The CDP battery
Motor Control & Adaptation
The SOT assesses sensory weighting. These two tests assess what comes next — the speed and quality of the motor response. The MCT measures the automatic reflex; the ADT measures the cerebellum's ability to refine that reflex across trials.
The Motor Control Test (MCT) gives unexpected forward and backward translations of the platform and times how long it takes the patient's body to react. The Adaptation Test (ADT) gives unexpected up-or-down tilts of the platform and measures whether the patient gets better at handling them across trials.
Together they cover two different motor competencies: the speed of the reflex loop and the cerebellum's capacity for motor learning.
MCT response latencies in healthy adults are ~90–130 ms for the leg-stretch reflex chain that corrects platform translation.3Prolonged latencies, symmetric, suggest central slowing — multiple sclerosis, post-stroke, Parkinson's. Asymmetric prolongation suggests a focal peripheral or central lesion on one side.
The ADT exposes cerebellar function specifically: a healthy adult attenuates sway across 4–5 repetitions of an unexpected platform tilt; a patient with cerebellar degeneration does not.2 The ADT is one of the few clinical bedside-equivalent tools that quantifies motor learning at this short timescale.
Direction-specific instability — particularly forward-back asymmetry — is a well-described Parkinson's fingerprint on the MCT and ADT, often preceding overt postural instability and useful as an early biomarker.1Interpreting the MCT alongside the LoS forward-excursion gives a coherent picture of bradykinetic and rigid postural control before clinical falls.

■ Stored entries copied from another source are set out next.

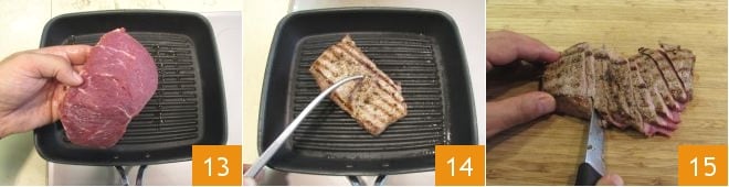 Maintenant, vous pouvez cuire la viande : une fois le temps de marinade écoulé, cuisez le filet sur une plaque bien chaude pendant environ 3-4 minutes de chaque côté (13-14). Transférez le filet sur une planche à découper, laissez-le reposer quelques secondes et coupez-le en fines tranches transversales 15.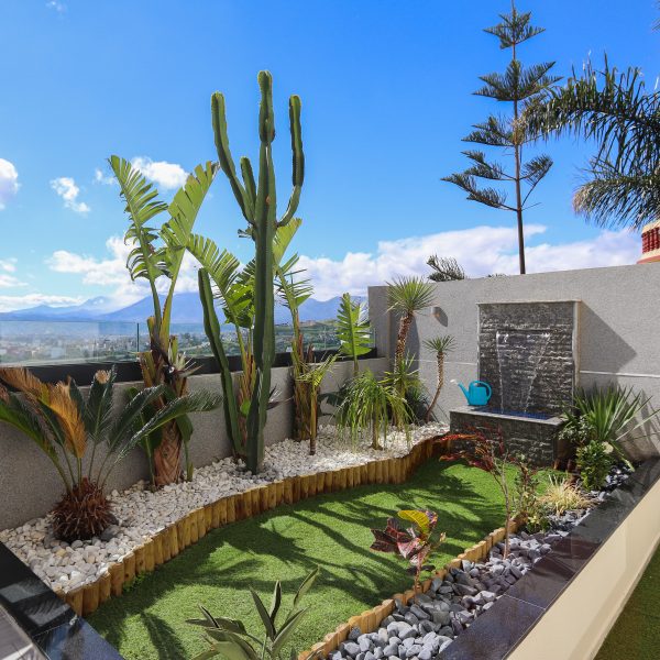 Terrasse avec jardin et fontaine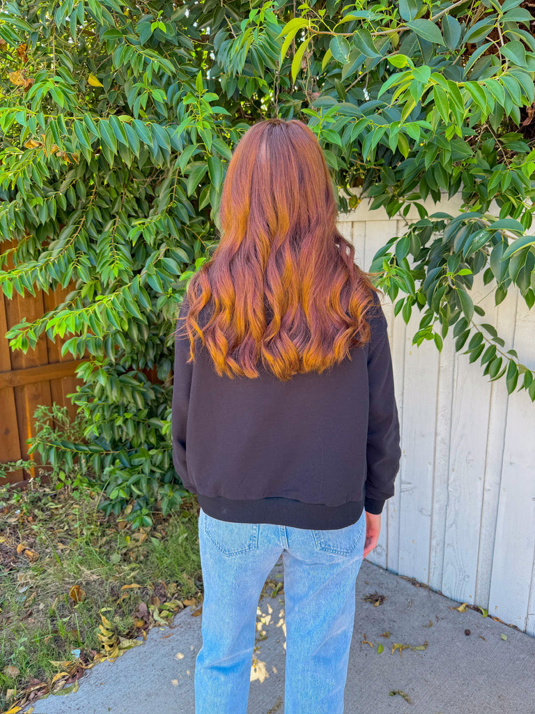 Go a little spooky-chic with this black crewneck, stamped with a big sparkly “WICKED” in neon pink and lime that pops for concerts, game days, or October plans. Soft on the inside with a relaxed fit and ribbed trims—throw it on with biker shorts and sneakers now, or layer over a plaid skirt and boots when the air turns crisp.
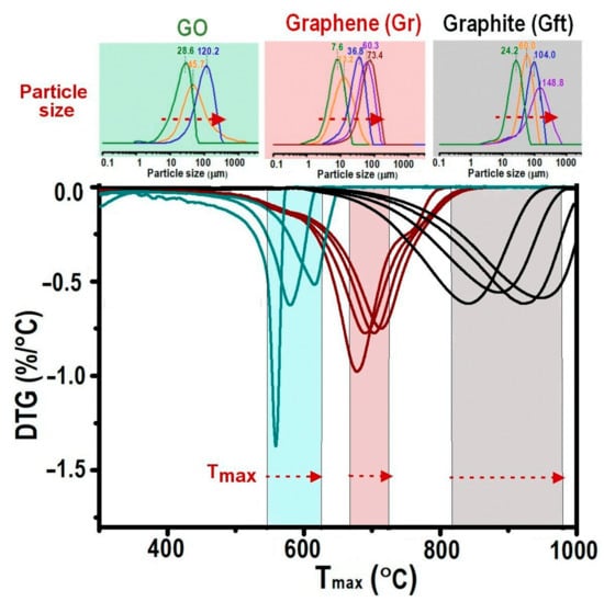 Representative TGA-DTG graphs and the Tmax values of graphene, GO, and graphite, which are used as foundation to explore the influence of particle size.

The ADT is also clinically useful in post-concussion management — failure to adapt despite symptom resolution may reflect persistent subclinical cerebellar processing change.4 A reasonable rule of thumb: an SOT with a clean sensory profile but an abnormal ADT raises the suspicion of cerebellar dysfunction even in the absence of frank ataxia.
Side-by-side comparison
Tap a tab to compare the two tests on perturbation, measurement and clinical use.
- Perturbation
- Horizontal translations of the platform, forward or back, delivered without warning.
- Amplitudes / repetitions
- Small · Medium · Large — repeated each amplitude.
- What is measured
- Response latency · Response amplitude · Left–right symmetry.
- Abnormal pattern
- Prolonged latencies (central slowing, neuropathy) or asymmetric latencies (focal lesion).
- Pictures it surfaces
- Multiple sclerosis · post-stroke · Parkinson's · diabetic neuropathy · ageing.
Reading the MCT report
- Latency in normal range, symmetric: intact reflex pathway — no central or peripheral slowing.
- Bilaterally prolonged latency: central CNS slowing (MS, Parkinson's, age-related decline) or proximal peripheral neuropathy.
- Asymmetric latency: focal lesion — stroke, focal demyelination, unilateral neuropathy.
- Abnormal amplitude: response too small (weakness) or too large (overshooting, often functional or anxiety-driven).
Reading the ADT report
- Decreasing sway across trials: normal cerebellar adaptation.
- Flat or variable sway: impaired motor learning — cerebellar degeneration, post-stroke cerebellum, ataxia.
- Toe-up vs toe-down asymmetry: direction-specific motor planning impairment, classically Parkinson's.